How to complete this task: For this exercise, repeat the whole listing below exactly. Leave the pictures out.

Recorded data:
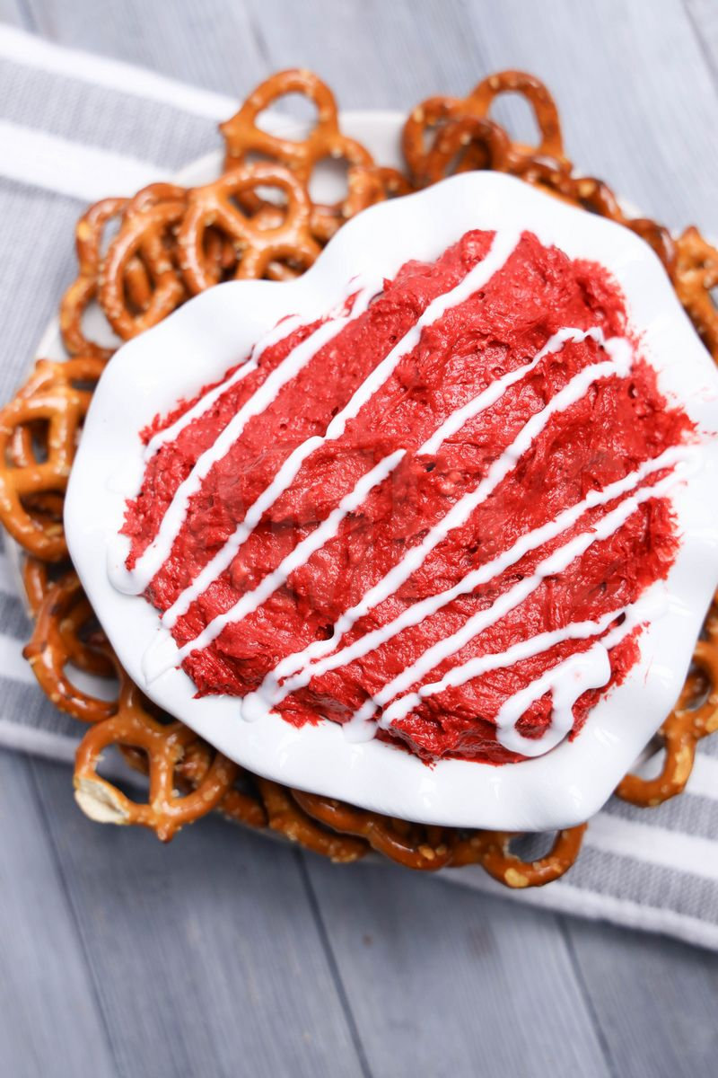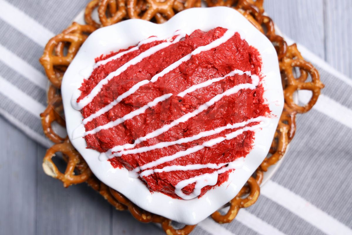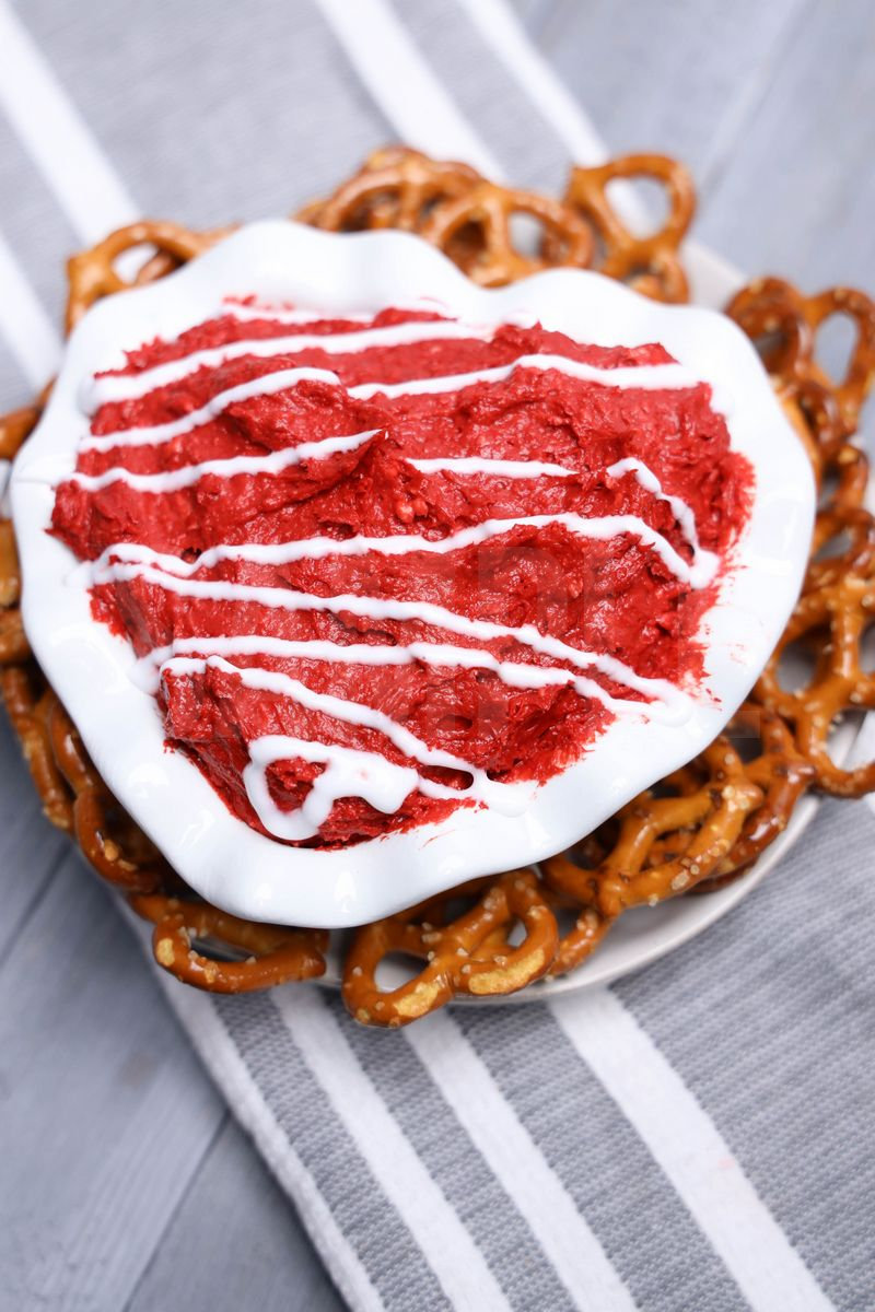 Red Velvet Dip is made with red velvet cake mix, cream cheese, powdered sugar, and cookie icing. This is a semi exclusive recipe. The Red Velvet Dip comes on a white heart bowl with a gray wood backdrop. Set comes with 6 in process (in process are the same for all sets) and 16 final shots (finals are different for each set) along with recipe in text format. Both vertical and horizontal shots are available for social media. One set of four. Sample removed on finals.
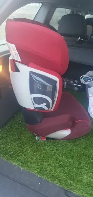 Silla de coche Cybex Solution X-fix en color rojo. - Diseño ergonómico. - Reposacabezas ajustable. - Sistema de protección lateral. CBX by CYBEX Silla de coche infantil Solution X i-Fix, Para coches con y sin ISOFIX, De 3 a 12 años aprox. Nueva 99€ Usada 2 veces en coche de abuelos
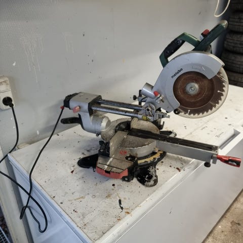 Power Craft kap-/geringssav med rund klinge og støvpose. El-drevet sav egnet til præcisionsskæring af træ og lignende materialer. Monteret på drejefod med mulighed for geringssnit. Velegnet til hobby- og værkstedsbrug, hvor der er behov for lige og skrå snit i emner som lister og brædder.

Answer:
 Red Velvet Dip is made with red velvet cake mix, cream cheese, powdered sugar, and cookie icing. This is a semi exclusive recipe. The Red Velvet Dip comes on a white heart bowl with a gray wood backdrop. Set comes with 6 in process (in process are the same for all sets) and 16 final shots (finals are different for each set) along with recipe in text format. Both vertical and horizontal shots are available for social media. One set of four. Sample removed on finals.
 Silla de coche Cybex Solution X-fix en color rojo. - Diseño ergonómico. - Reposacabezas ajustable. - Sistema de protección lateral. CBX by CYBEX Silla de coche infantil Solution X i-Fix, Para coches con y sin ISOFIX, De 3 a 12 años aprox. Nueva 99€ Usada 2 veces en coche de abuelos
 Power Craft kap-/geringssav med rund klinge og støvpose. El-drevet sav egnet til præcisionsskæring af træ og lignende materialer. Monteret på drejefod med mulighed for geringssnit. Velegnet til hobby- og værkstedsbrug, hvor der er behov for lige og skrå snit i emner som lister og brædder.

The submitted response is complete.